In its monthly CPI news releases the BLS actually does mention the monthly percentage change—as in the change from May 2022 to June 2022—before the annual comparison to the same month a year earlier, but this tends to get a lot less attention, probably because it’s so much smaller (1.3% in June) and harder to make sense of. That’s easy enough to fix, though. Here’s what it looks like if we follow the GDP example and annualize the monthly CPI change. (Contrary to popular belief one does this not by multiplying the monthly percentage change by 12—although when percentage changes are small that gets one pretty close to the correct number—but by dividing the current-month CPI by the previous month’s, taking the result to the 12th power and subtracting one. [Or by adding one to the monthly percentage change, taking that to the 12 power and then subtracting one])

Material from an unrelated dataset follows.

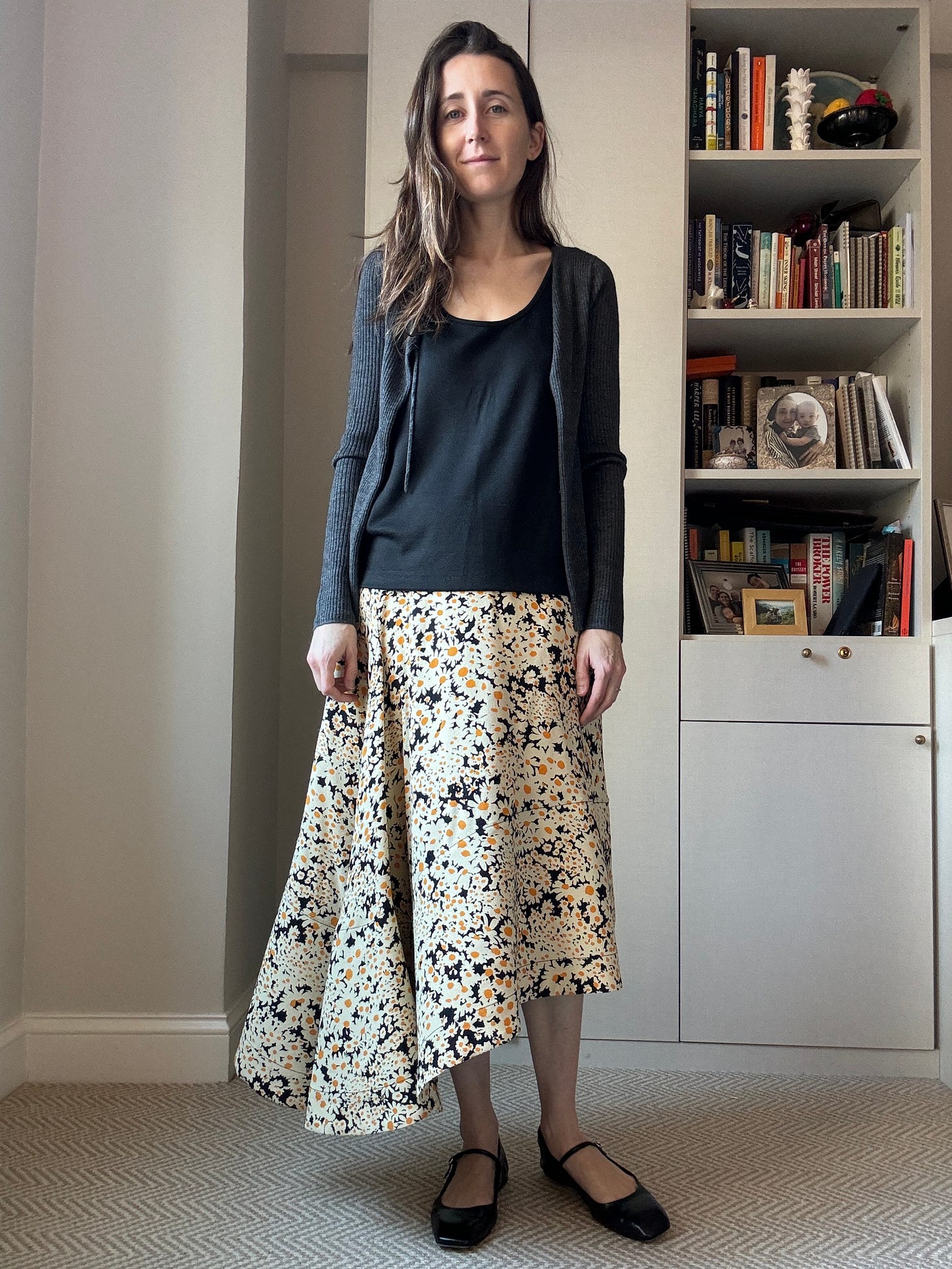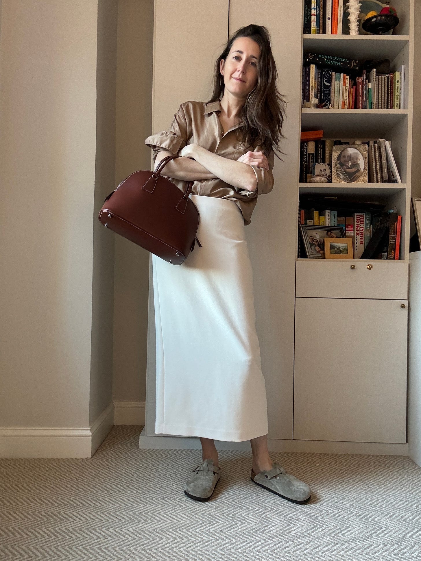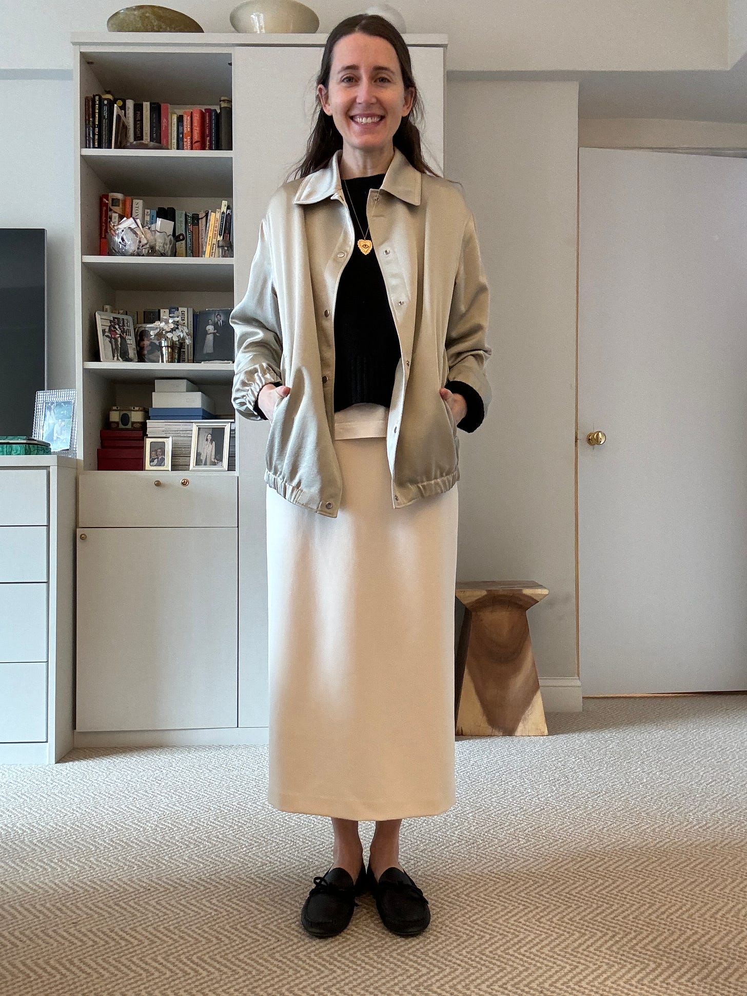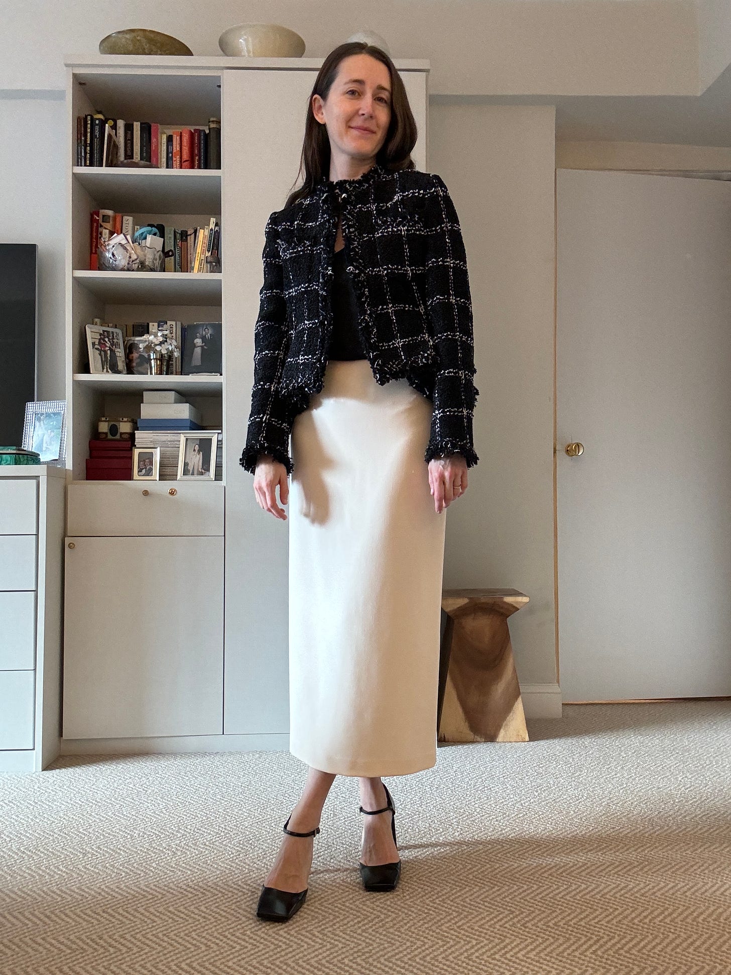 You got a sneak peek of this skirt two weeks ago in our Armani jacket letter. It’s been such a great piece to play with over the past few weeks when we had that tease of early Spring weather in NYC. The not quite white and the straight but not tight silhouette make this a joy to throw on. I don’t get as fearful with off white as I do with a stark white for some reason! And the loose but not bohemian shape works with boots and loafers and heels and Birkenstocks! She might not be for running out to the acupuncturist but she’s definitely an office and weekend-plans-where-you-actually-have-to-ditch-your-sweats hero. I’m wearing a size 2, for reference.

Measured this way, U.S. consumer prices rose at a 17.1% annualized pace in June. That’s awful! But it is also, as is clear from the chart, possibly not very informative. Monthly CPI changes are volatile, and annualizing them just makes them more so.
To get past the volatility, policy makers and market watchers often focus on so-called “core” inflation that excludes food and energy prices. It rose 0.7% in June. Annualized that comes to 8.8%, compared with a 5.9% year-over-year gain.
Measured year-over-year, core inflation has been steadily declining since March. Measured month-to-month, it has been accelerating since then. And yes, it’s pretty noisy, but smooth it by annualizing the three-month change and the picture of accelerating core inflation remains.
I’m pretty sure that the monthly and three-month core inflation measures better reflect what’s been going on in the U.S. economy over the past year than the annual change does. There was a spectacular burst of inflation last spring that subsequently subsided, only to be followed by new, smaller but still major waves—the latest of which certainly hasn’t crested yet in the CPI data.
For context, consider what the current GDP trajectory would look like if we measured it as we did inflation. Year-over-year GDP change will still be positive even if the Federal Reserve Bank of Atlanta’s current gloomy GDPNow forecast of a second quarter in a row of declining GDP comes to pass. (I’ve started the chart with the quarter ending December 2020 because the wild GDP swings of the previous two quarters would otherwise make it really hard to read.)